* [Dataset excerpts]
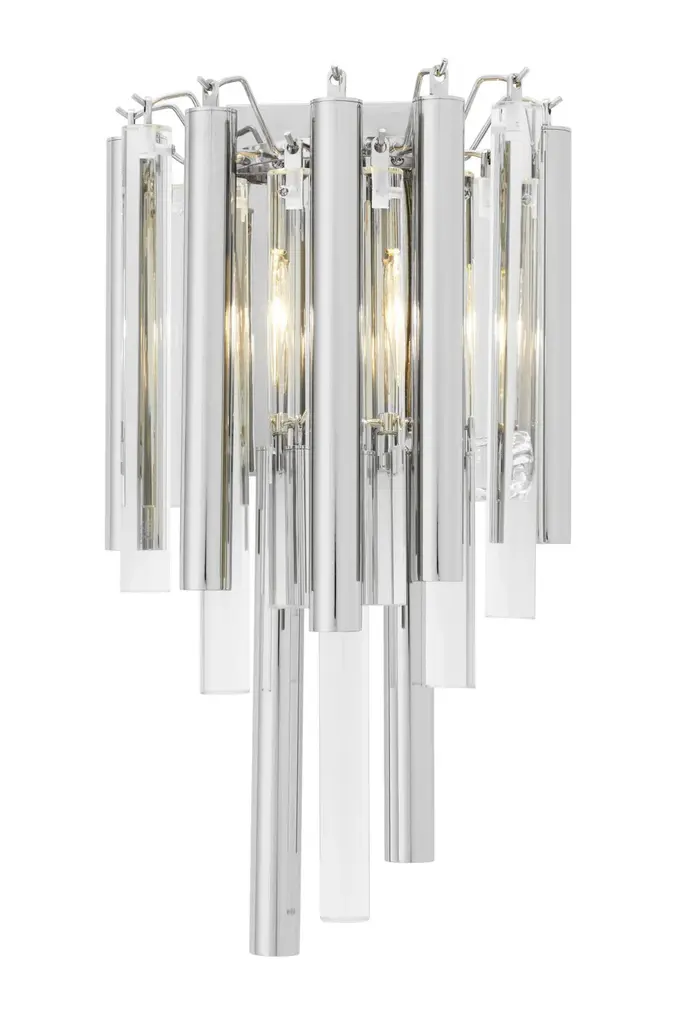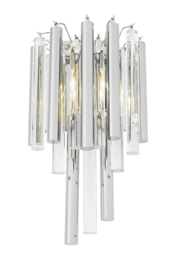 Capture the look of pure luxury with the Gigi Wall Lamp. Like a glamorous piece of jewelry, this lustrous luminary provides optimum radiance in your decor. The Art Deco style fixture features a semi-circular tapered body with rods of clear glass and nickel-finished metal.
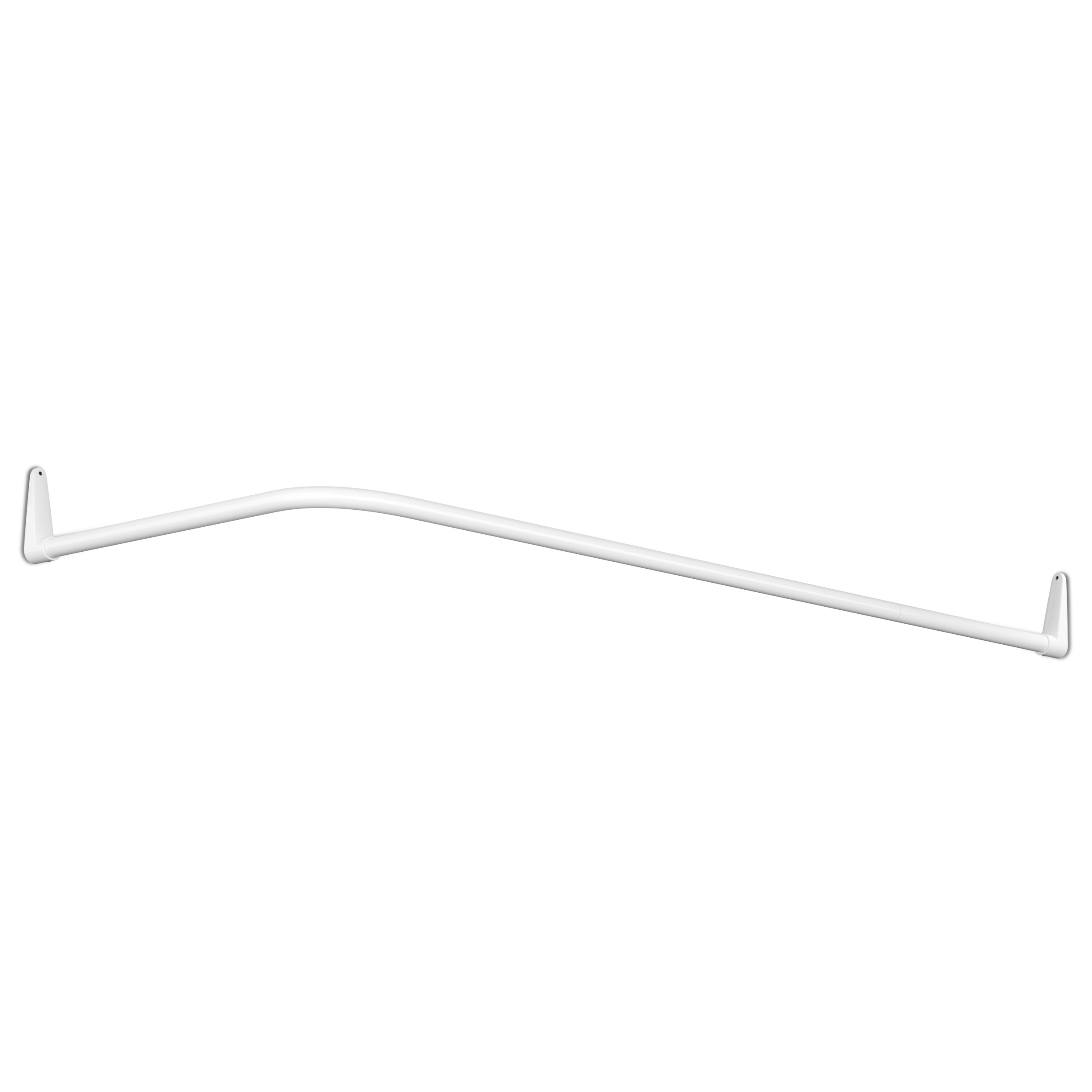 Vinklad duschstång för montering i hörn. Perfekt för att montera runt ett badkar. Komplett med väggfästen, tolv draperiringar samt stänger som monteras till antingen 70×160 eller 90×140 cm. Kompatibel med Ericsindustriers limbara fästen.
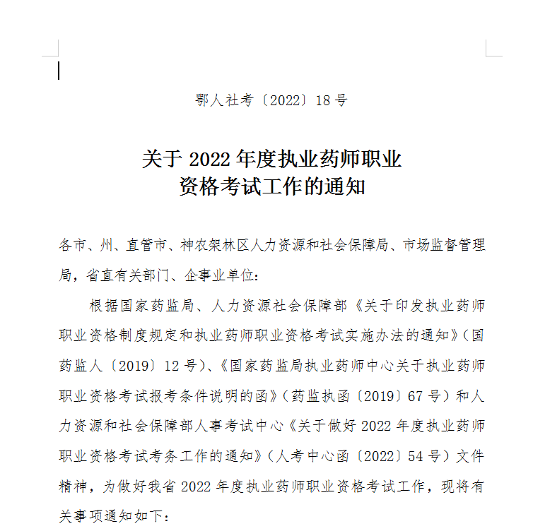 根据国家药监局、人力资源社会保障部《关于印发执业药师职业资格制度规定和执业药师职业资格考试实施办法的通知》(国药监人〔2019〕12号)、《国家药监局执业药师中心关于执业药师职业资格考试报考条件说明的函》(药监执函〔2019〕67号)和人力资源和社会保障部人事考试中心《关于做好2022年度执业药师职业资格考试考务工作的通知》(人考中心函〔2022〕54号)文件精神,为做好我省2022年度执业药师职业资格考试工作,现将有关事项通知如下:
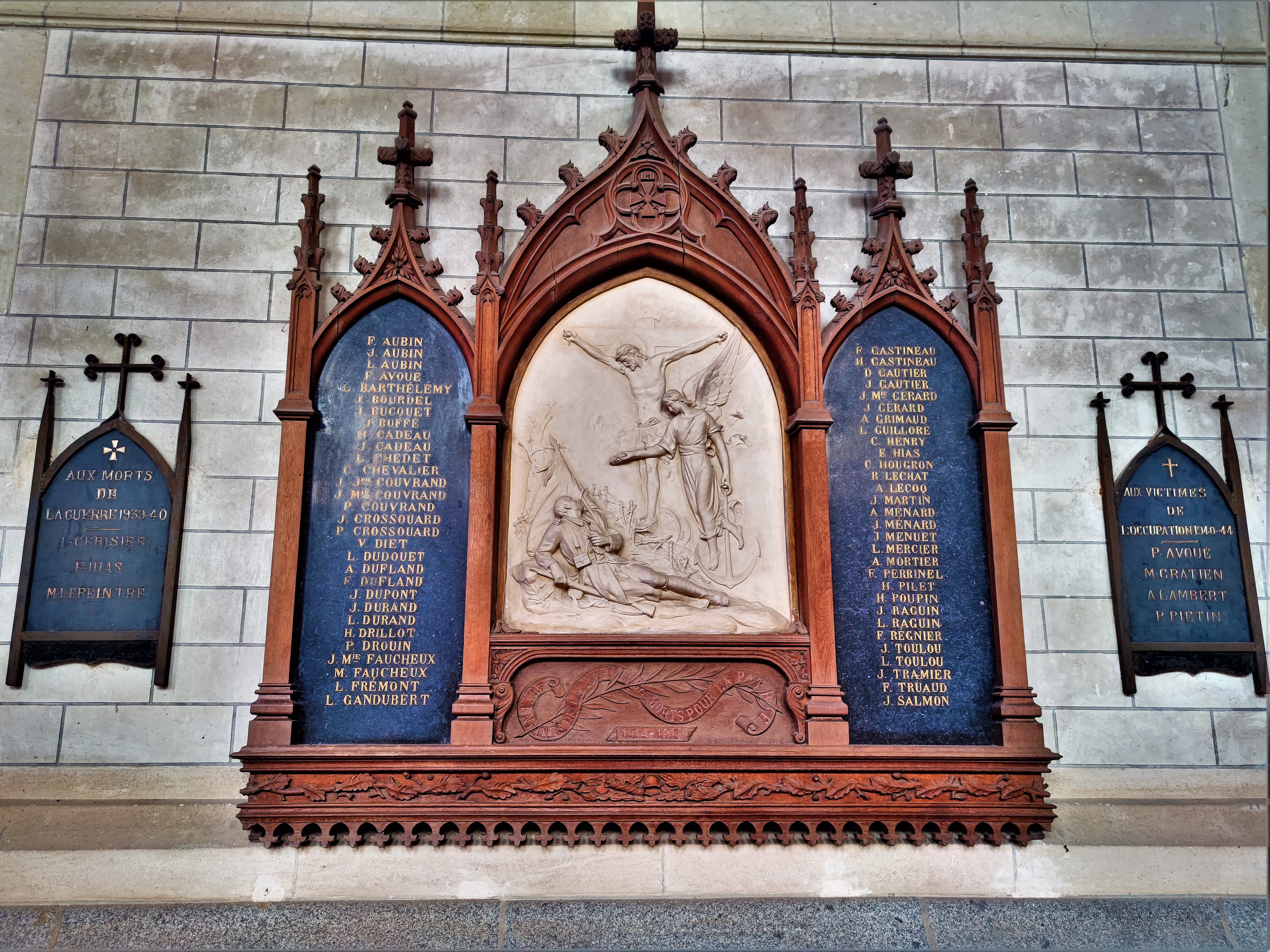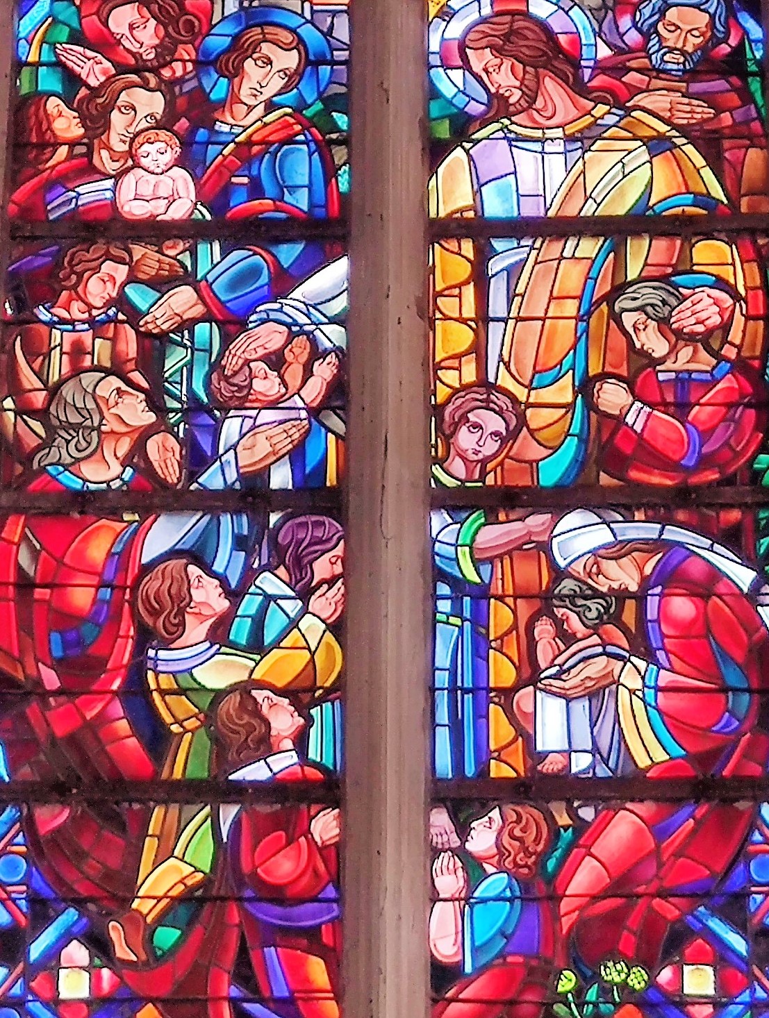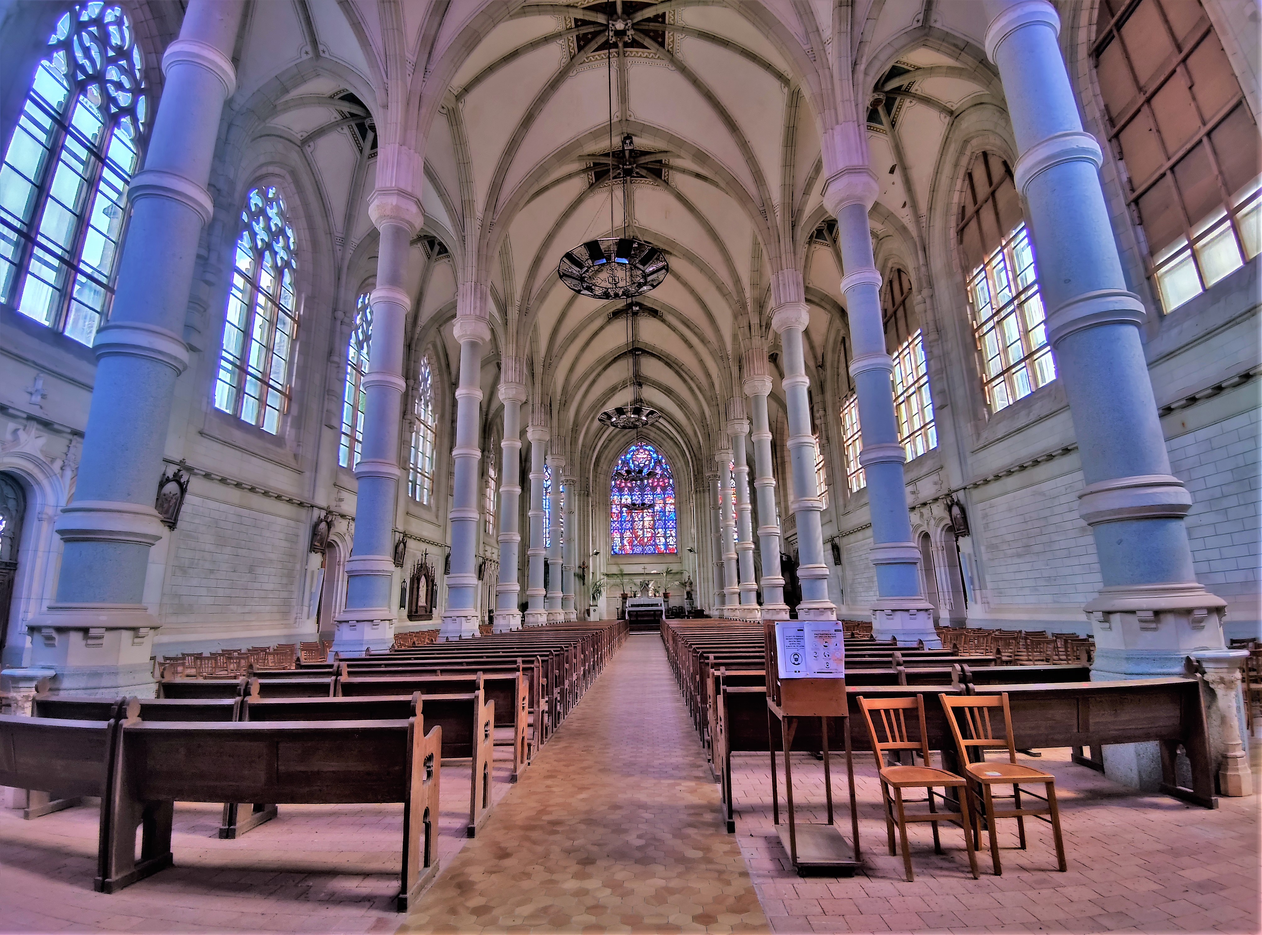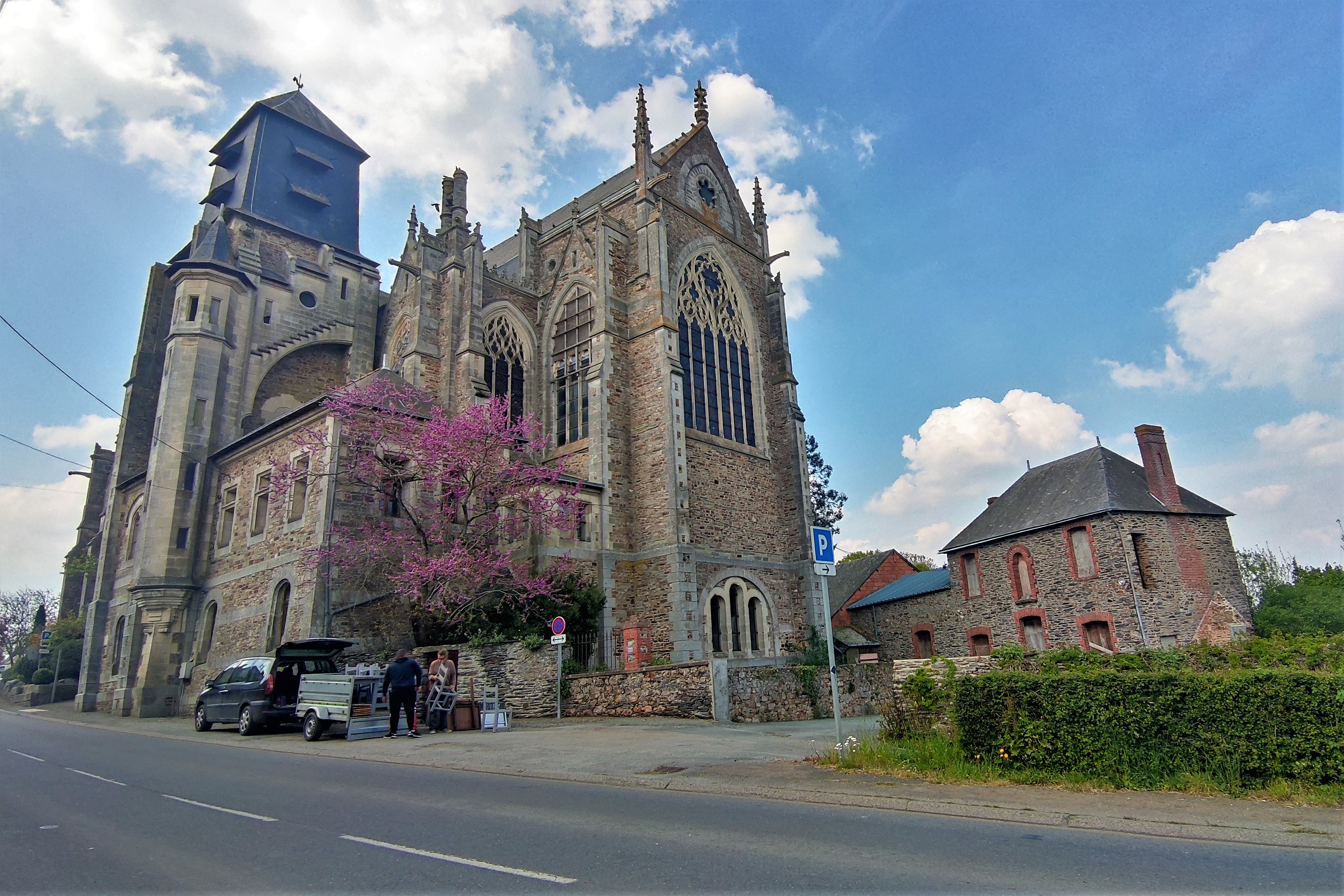 Cette église est ouverte, accueillante, colorée et chaleureuse, elle mérite que l'on fasse un détour. Découverte par hasard au cours d'une balade qui me conduisait vers Châteaubriant, cette église paroissiale Saint-Julien m'a impressionné. Construite dans une pente importante, vers le point culminant, elle impose sa présence par de belles dimensions. Église néogothique édifiée au 19ème siècle, elle remplaça un édifice gothique flamboyant. Sous le chœur, on a placé une crypte qui compense l'inclinaison du sol. Pour visiter cette crypte, il faut prendre rendez-vous à la mairie, l'église elle-même est ouverte et accueillante. Église de pèlerinage, sa grande capacité ne lui enlève rien de son côté accueillant et chaleureux, les grande baies de la nef apporte une lumière abondante. Les verrières du chœur et de la façade ouest sont sources de couleurs chaudes et de riches images.
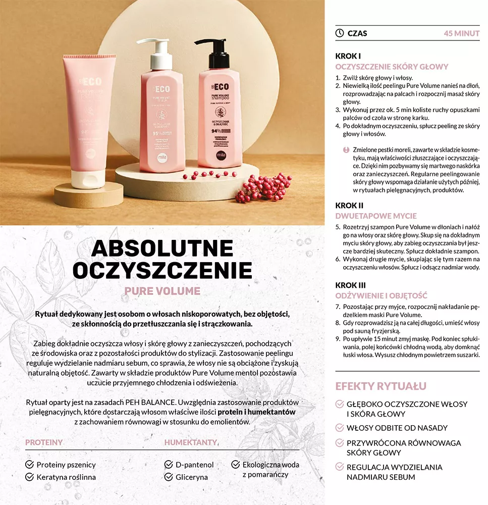 Odkryj moc natury z maską Mila Professional Be Eco Volume, która oczyszcza i nadaje objętość Twoim włosom. Idealna dla osób z włosami niskoporowatymi, przyklapniętymi i przetłuszczającymi się. Dzięki wyjątkowej formule PEH BALANCE, maska przywraca równowagę między proteinami, humektantami i emolientami, zapewniając włosom zdrowy wygląd i spektakularną objętość.

* [INSTRUCTIONS FOR THE TASK] Both boundary lines included, write out word for word only the lines above from the one containing "根据国家药监局、人力资源社会" to the one containing "Cette église est", leaving out any pictures.

* [COMPLETED EXERCISE]
 根据国家药监局、人力资源社会保障部《关于印发执业药师职业资格制度规定和执业药师职业资格考试实施办法的通知》(国药监人〔2019〕12号)、《国家药监局执业药师中心关于执业药师职业资格考试报考条件说明的函》(药监执函〔2019〕67号)和人力资源和社会保障部人事考试中心《关于做好2022年度执业药师职业资格考试考务工作的通知》(人考中心函〔2022〕54号)文件精神,为做好我省2022年度执业药师职业资格考试工作,现将有关事项通知如下:
 Cette église est ouverte, accueillante, colorée et chaleureuse, elle mérite que l'on fasse un détour. Découverte par hasard au cours d'une balade qui me conduisait vers Châteaubriant, cette église paroissiale Saint-Julien m'a impressionné. Construite dans une pente importante, vers le point culminant, elle impose sa présence par de belles dimensions. Église néogothique édifiée au 19ème siècle, elle remplaça un édifice gothique flamboyant. Sous le chœur, on a placé une crypte qui compense l'inclinaison du sol. Pour visiter cette crypte, il faut prendre rendez-vous à la mairie, l'église elle-même est ouverte et accueillante. Église de pèlerinage, sa grande capacité ne lui enlève rien de son côté accueillant et chaleureux, les grande baies de la nef apporte une lumière abondante. Les verrières du chœur et de la façade ouest sont sources de couleurs chaudes et de riches images.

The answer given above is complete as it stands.